The beach seems to be as much the preserve of caulkheads as holiday makers and as the beach to the east of the café is open to dogs, one gets rather a lot of them, particularly at weekends when the caulkheads are free to come out to play. They can be something of a nuisance, as on one occasion was an owner who was ejaculating the phrase 'good girl' at what seemed like 10 second intervals for half hours at a time. The nuisance seemed to be compounded by the subtly irritating variations in enunciation. I think he was requiring the dog in question to keep on fetching a ball from the sea.

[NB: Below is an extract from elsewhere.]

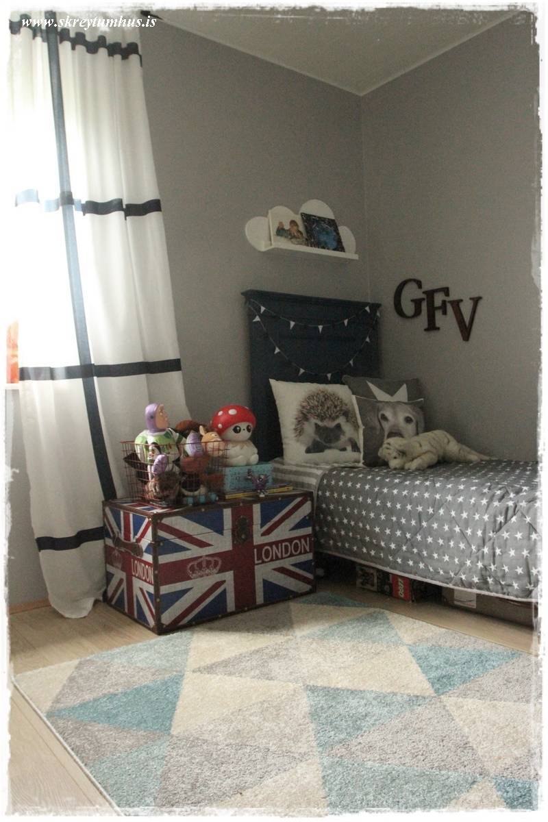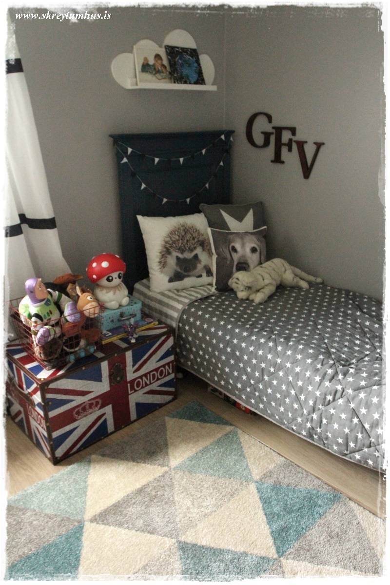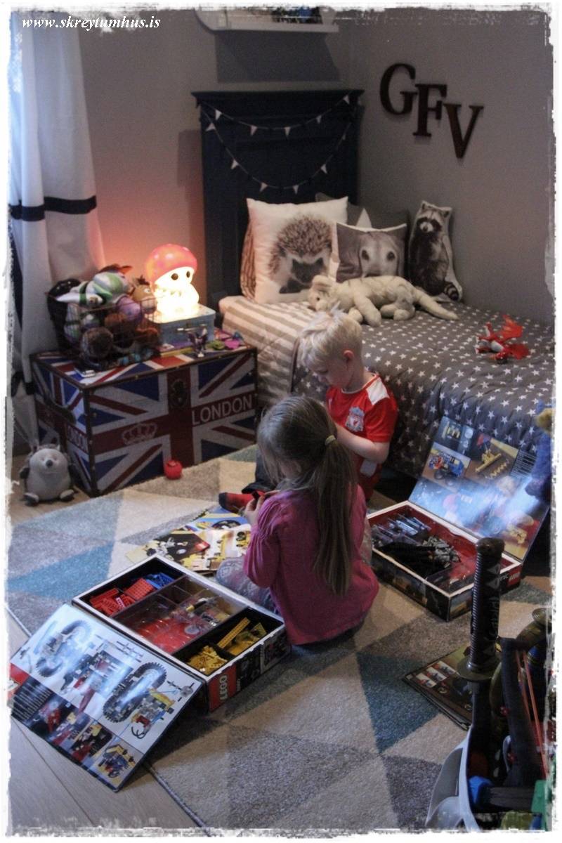 …undir rúminu sjáið þið glitta í gamla ferðatösku, sem geymir núna Lego-dótið hjá litla manninum og nokkra stóra Legokassa…

There was a moment of hilarity however, while the Polish family on the other side of us were cooking their lunch time sausages on one of those disposable barbecues that come in a tin foil tray. One of the sausages managed to fall out of the tray onto the sand and the lady of the family picked it up, marched down to the sea and attempted to wash it: one had lurid visions of the salt water swirling, entirely ineffectively, around the sand firmly cemented to the sausage by rapidly congealing pork fat. She then resorted to brushing the sand off before returning the sausage to its rightful owner for onward consumption.

Meanwhile, a lady caulkhead sat firmly on the beach (she being a reasonably big girl) reading her mobile phone while her young daughter played around, wishing her mother would join in, and while her husband and son went for a walk to the fossils. How she could see anything in the bright sunlight was a mystery, but she also kept it up for half hours at a time.

Later in the afternoon, heading east towards Culver Cliffs, we came across a very small encampment at the foot of the cliffs, a small tent fenced in with windbreaks and which appeared to be home to someone or other. The encampment has now been there for several days, which seemed odd, given that there were much better places for a spot of freelance camping quite close to hand. What sort of a person did we have here? Did he or she have special needs?

The next day, the Polish lady had, as it were, her revenge for our amusement at her expense. The day was hot but windy and we got home from Yaverland to find very fine sand stuck all over us, sand which seemed to take an inordinate amount of soap and hot water to get off. Indeed, I am still coming across odd remnants some days later.

But a fine beach, good for both sitting and swimming. We have now clocked up three swims and aim to have some more before we are done.

And lastly, this morning, I was reading in Osbert of his introduction to the world of the visual arts, in the form of a painting owned by his father, possibly once hung at Renishaw Hall (see http://www.renishaw-hall.co.uk/), painted by George Morland and of the Duchess of Devonshire kissing a butcher in an effort to obtain his vote for her candidate, the infamous Fox, in an election at Westminster in 1793 or so. Intrigued, I asked google, to find that both the painter and the painting appear to exist, but completely failing to find an image of this painting. But I did learn that the Duchess had prompted a whole raft of prints and paintings at the time, one of which is included above, courtesy of a library in the US, perhaps the Lewis Library at Princeton. Also that unseemly pictures of celebrities were not invented by Rupert Murdoch.